The following Corporate practice note provides comprehensive and up to date legal information covering:

  • Accounting records
  • The duty to keep accounting records
  • Where and for how long must accounting records be kept

Accounting records

A company must comply with statutory provisions set out in the Companies Act 2006 (CA 2006) in relation to keeping accounting records.

In addition, there may be other rules relating to accounting records that apply a listed company, an AIM company or a company with securities that are listed on the AQSE Main Market, AQSE Trading or AQSE Growth Market (formerly the NEX Exchange Main Board, NEX Exchange Secondary Market and NEX Exchange Growth Market), but these are outside the scope of this Practice Note.

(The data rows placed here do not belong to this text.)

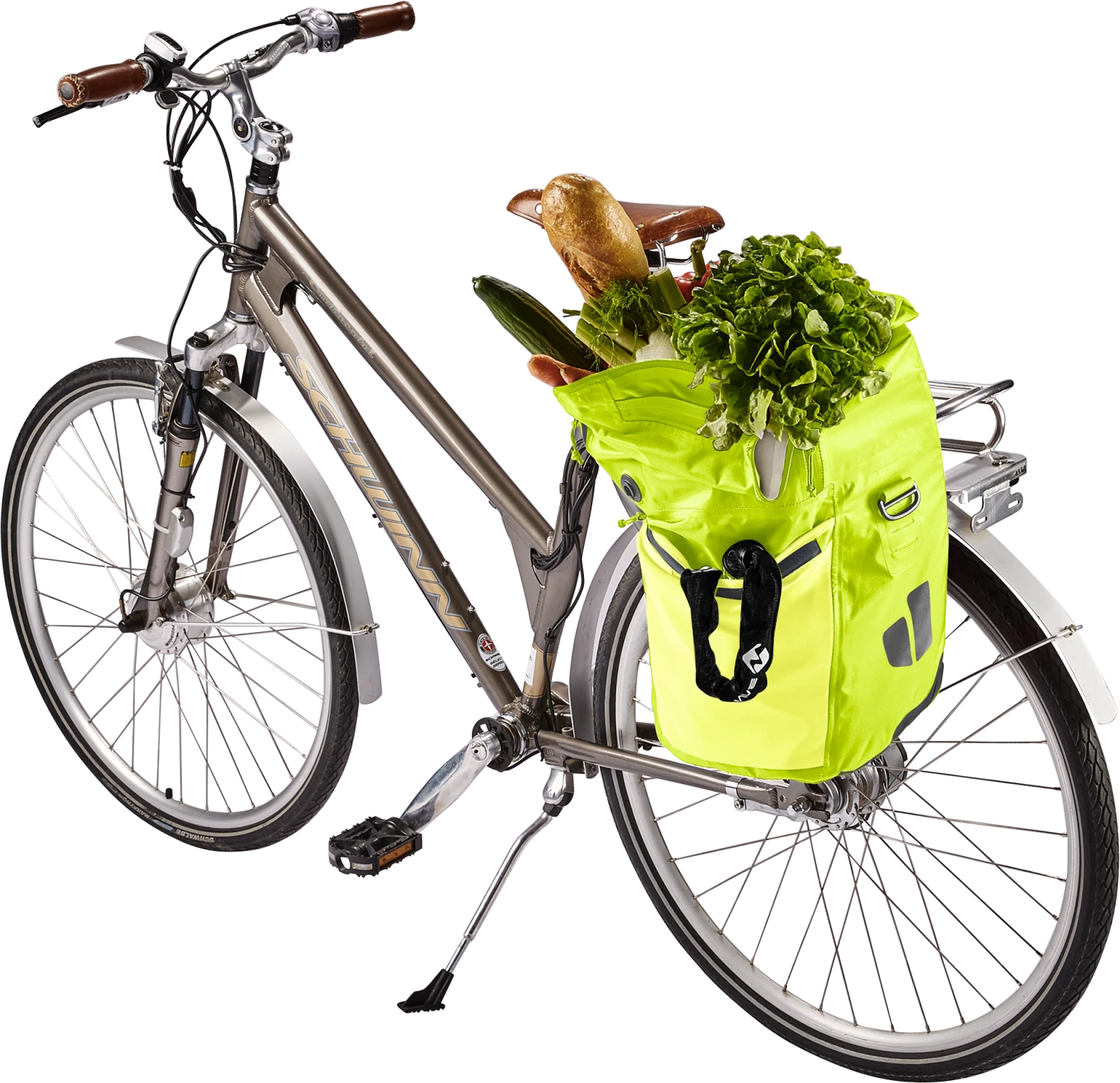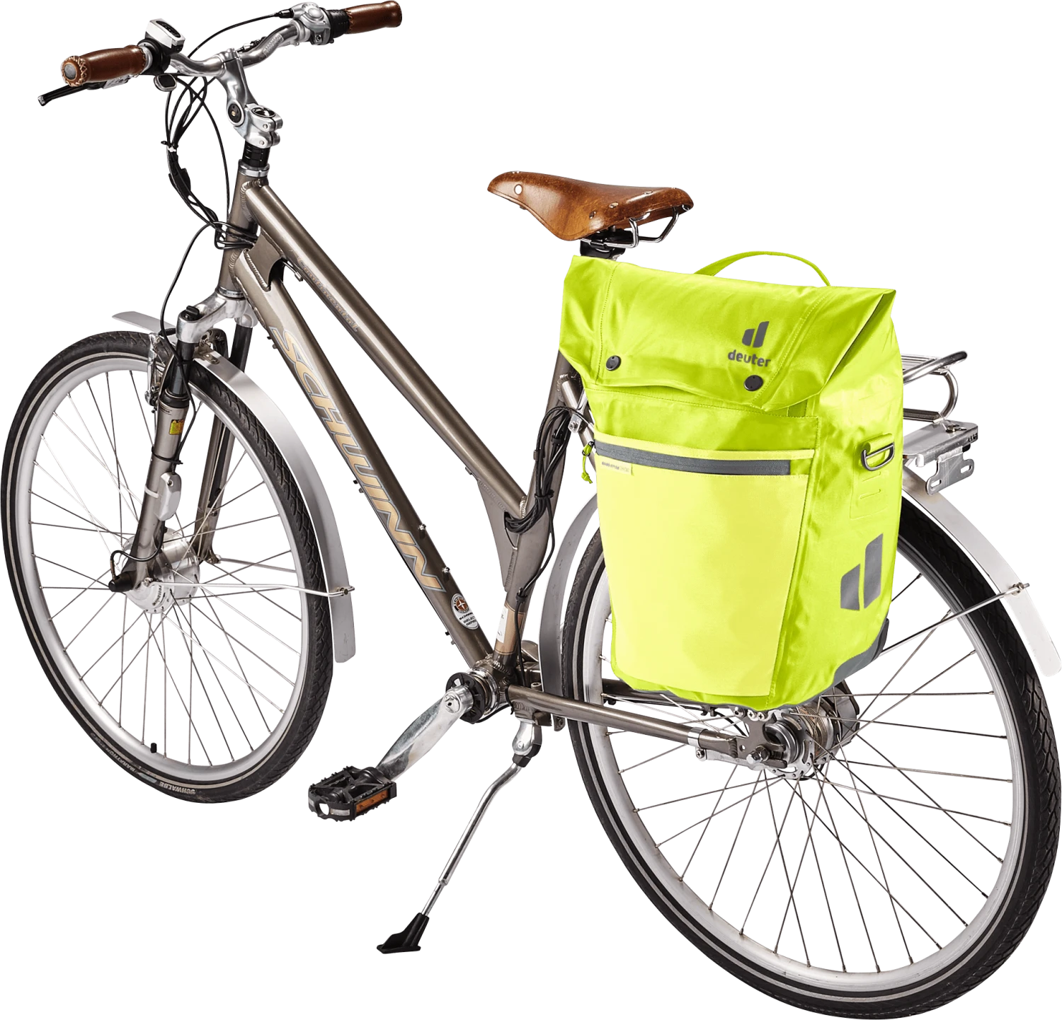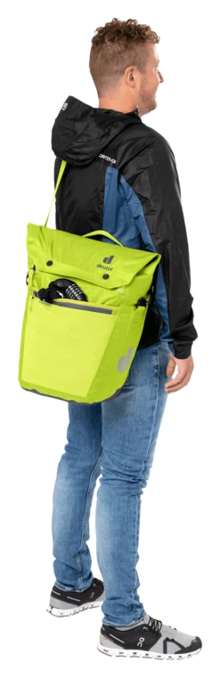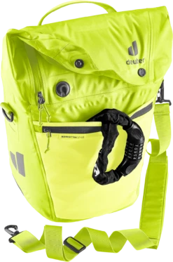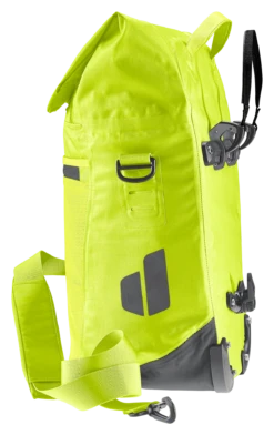 De waterdichte fietstas houdt boodschappen, een verandering van kleding en werkmateriaal veilig tegen nat worden in de regen of opspattend water. Dankzij de royale zakflap met magneetsluiting kan het volume van dit organisatietalent worden uitgebreid met 10 liter extra opbergruimte.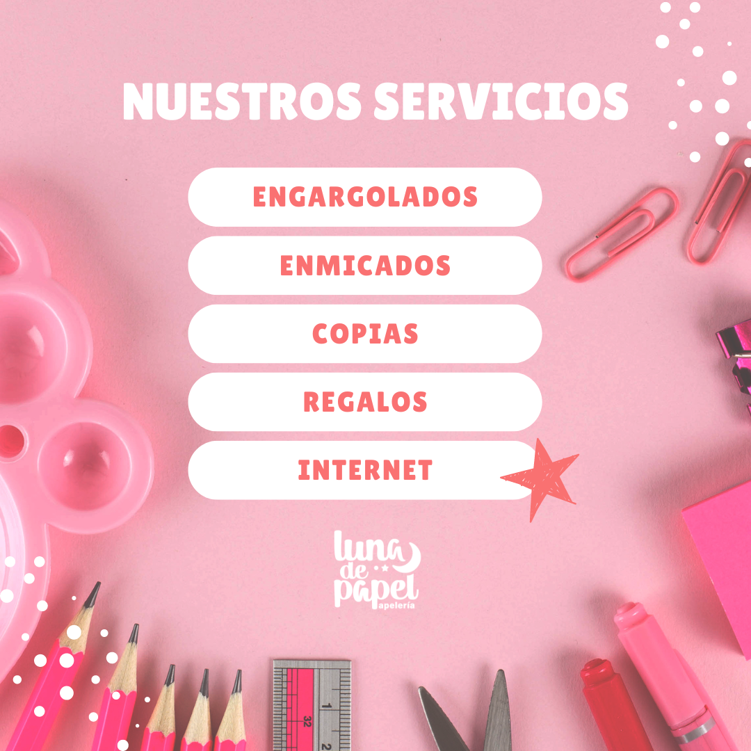Bienvenido a Luna de Papel, tu destino completo para todas tus necesidades depapelería y más! En nuestro acogedor espacio, ofrecemos una amplia gama deservicios, desde copias y engargolados hasta forrado de cuadernos y regalospersonalizados.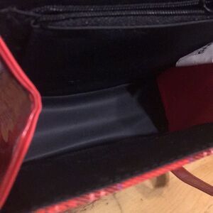 Super cute Minnie Mouse purse/ crossbody purse. Shoulder strap is removable. Plaid front black on back. Red on sides.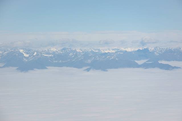 飞机起飞后又有机会可以见到那几座举行山峰,可以再一次在不同时间包揽雪山的壮美,高原的壮阔。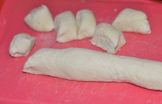 - Rol het deeg uit van een middeldikke worst, verdeel het in delen.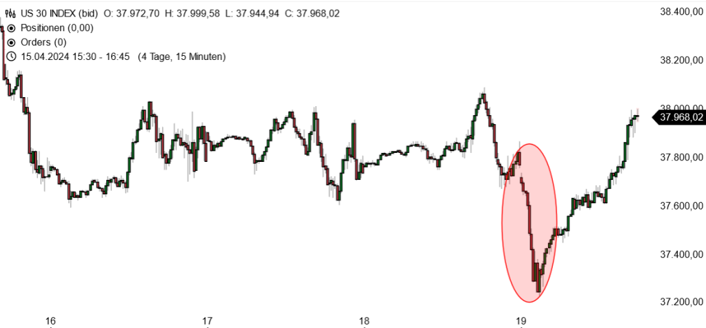 Um ca. 4:15 Uhr war der Spuk allerdings schon wieder vorbei und die Kurse gingen in eine deutliche Kurserholung. Zu diesem Zeitpunkt reagierten die Anleger wahrscheinlich erleichtert darauf, dass es nur bei einzelnen Explosionen blieb und sich somit kein Großangriff Israels als Reaktion auf den massiven Beschuss des Irans mit hunderten Raketen und Drohnen vom vergangenen Wochenende abzeichnete.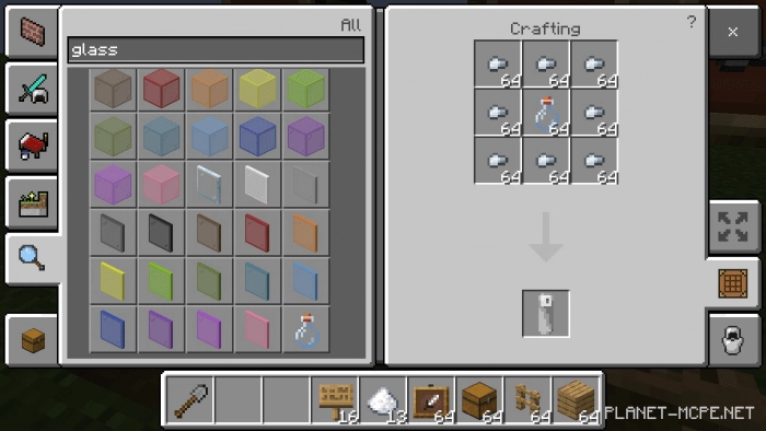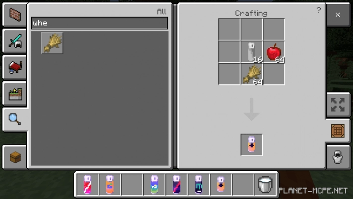 Рецепт крафта банки. Предмет, который можно создать всего один раз. Вы можете использовать одну и ту же банку для всех напитков. Поместите в решетку крафта обычную бутылку, а вокруг нее разместите 8 железных самородков.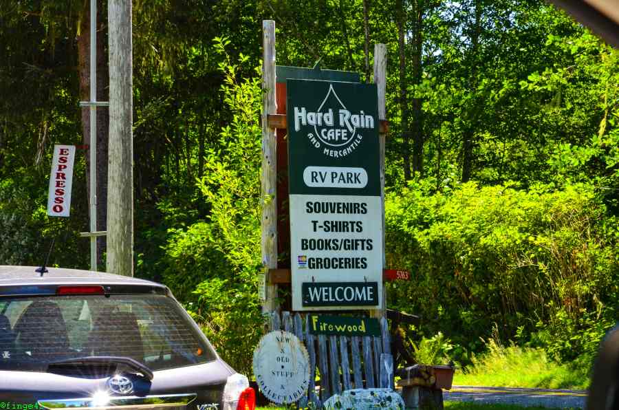 Auf dem Weg zurück zur Hauptstraße fotografieren wir noch das idyllisch gelegene Hard Rain Cafe, gehen aber nicht rein.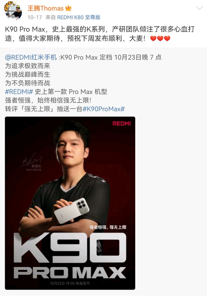 10 月 17 日,王腾转发红米手机官宣发布会时间的相关微博,并表示 K90 Pro Max 产研团队倾注了很多心血打造,预祝发布顺利。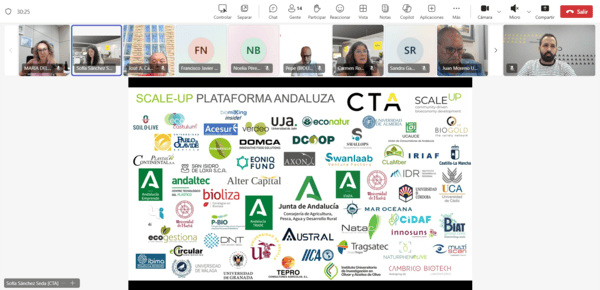 At the first meeting of the Andalusian Bioeconomy Platform, held in hybrid format at the CTA headquarters, its members were able to learn more about SCALE-UP, exchange presentations with the other entities and discuss their role in this initiative. So far, the entities that make up the platform are: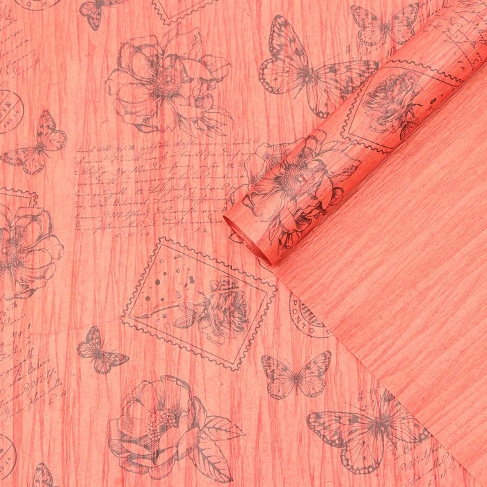 Бумага упаковочная, эколюкс крепированный, "Палермо", красный/черный, 0,7 x 5 м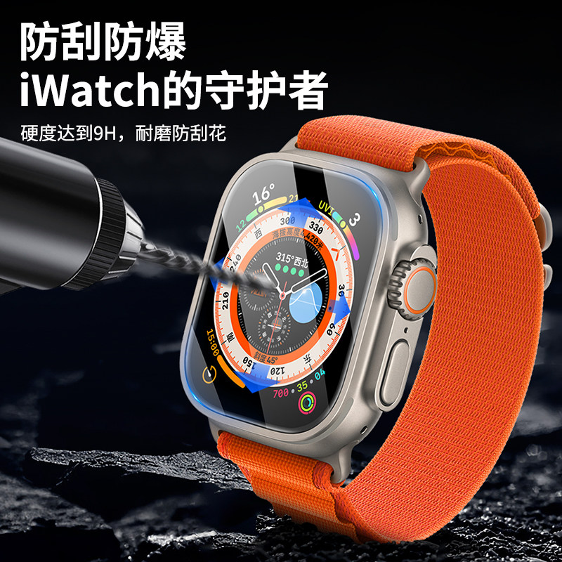 Applicable to AppleWatch Ultra HD glass film Apple Watch Tempered film iWatch full screen covered sapphire purple pack explosion-proof scraper screen without whiteside protection stick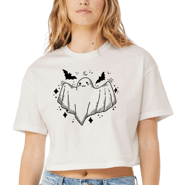 Ghost Illustration Women’s Crop Tee Shirt – Presents for Ghost Lovers – Best Present Ideas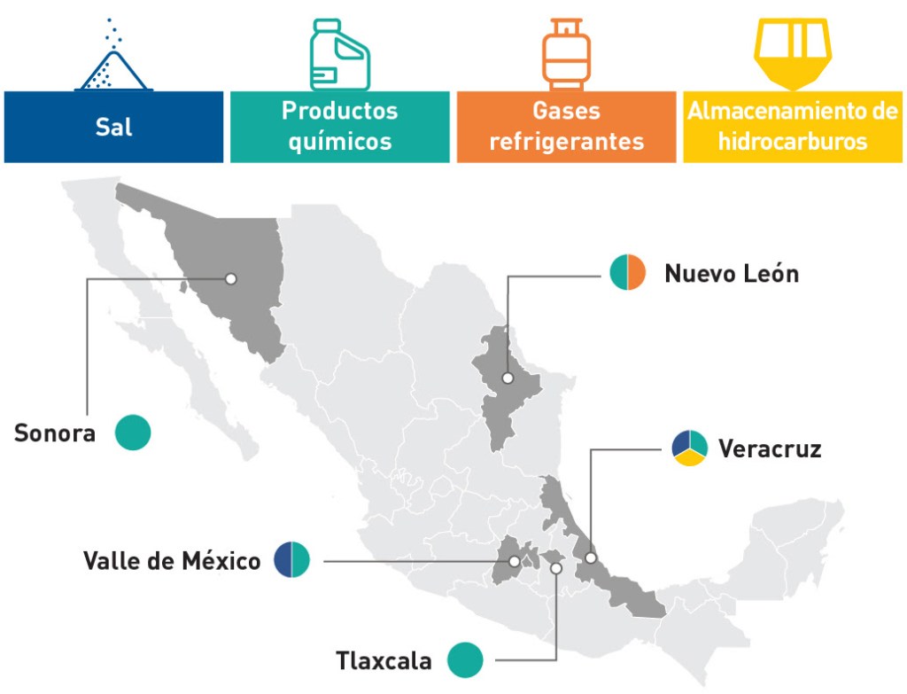 - Más recientemente, ha aprovechado las cavernas salinas que ya llegaron al fin de su vida útil para almacenar gas natural y gas LP.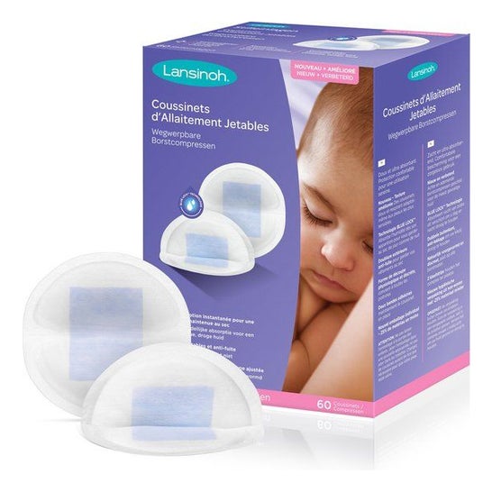 Almofadas Lansinoh Blue Lock, produto com design ultra absorvente, confortáveis e totalmente adaptadas para os seios. Mantêm secos a área dos seios durante a amamentação dia e noite e, portanto, também evitam as complicações que podem estar associadas ao contato úmido repetido.
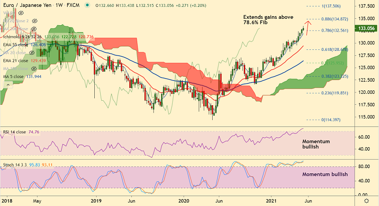 EUR/JPY was trading 0.12% lower on the day at 132.80 at around 08:30 GMT, slipping lower from session highs at 133.20.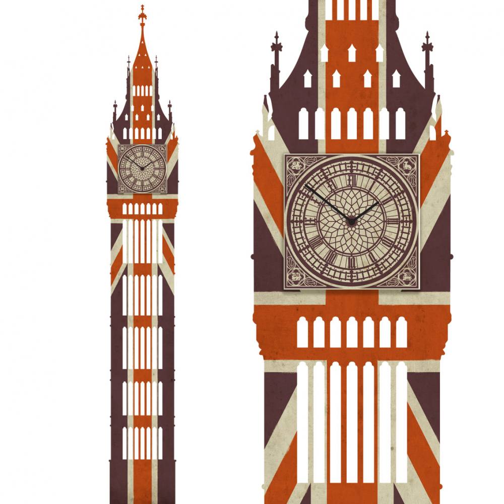 The tower comprises a large wall sticker 2 metres tall with printed vintage distressed flag, with all windows cut out to allow your chosen wall colour to show through. The working clock is made from durable steel with distressed printed face. Featuring black metal hands and ultra quiet German 'ticking' quartz movement, it ideal for living room or bedroom use. Easily attached to the wall, no drilling is required. We even include the battery!
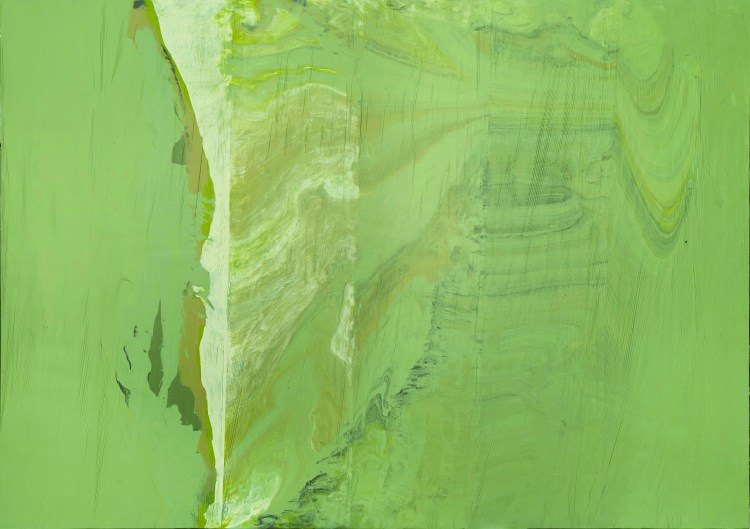 Dans cette exposition, même les œuvres en apparence les plus traditionnelles, toiles et pigments, inventent une nouvelle picturalité. De nouveaux gestes créent un rendu inattendu. Ainsi José Yaque applique ses pigments à la main puis enveloppe ses peintures de film plastique à usage culinaire qu’il enlève lorsque la matière commence à sécher. La surface peinte semble comme érodée.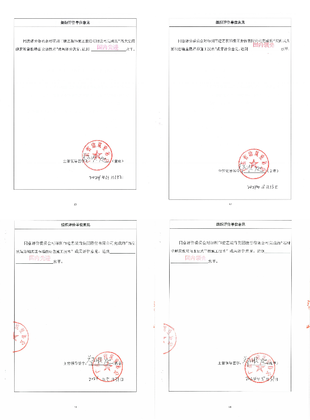 此外,广发体彩-广发(中国),集团立足为项目施工解决重难点问题,自主创新研发的4项科技成果经广东省建筑业协会评价委员会评定:《装配式大面积密缝金属吊顶施工技术》《石材铝蜂窝板双向固定式干挂施工技术》达到国内领先水平,《高大空间蜂窝吸音板墙面安装技术》《新型抗碱防潮海基布墙面绿色施工技术》达到国内先进水平。

Some or all of the statutory provisions relating to accounting records may also apply to other companies and entities, but this issue is outside the scope of this Practice Note.

The duty to keep accounting records

All companies must keep adequate accounting records. Their purpose is to ensure that businesses record transactions to enable them to show the company's financial position and to prepare accounts which comply with the CA 2006 and, where relevant, with International Accounting Standards.

Accounting records is a deliberately broad term that is not specifically defined as the records of a company may differ depending on the nature and complexity of its business. For a simple business, accounting records might include, bank statements, purchase orders, sales and purchase invoices, whilst a more sophisticated business may have integrated records, which it holds electronically.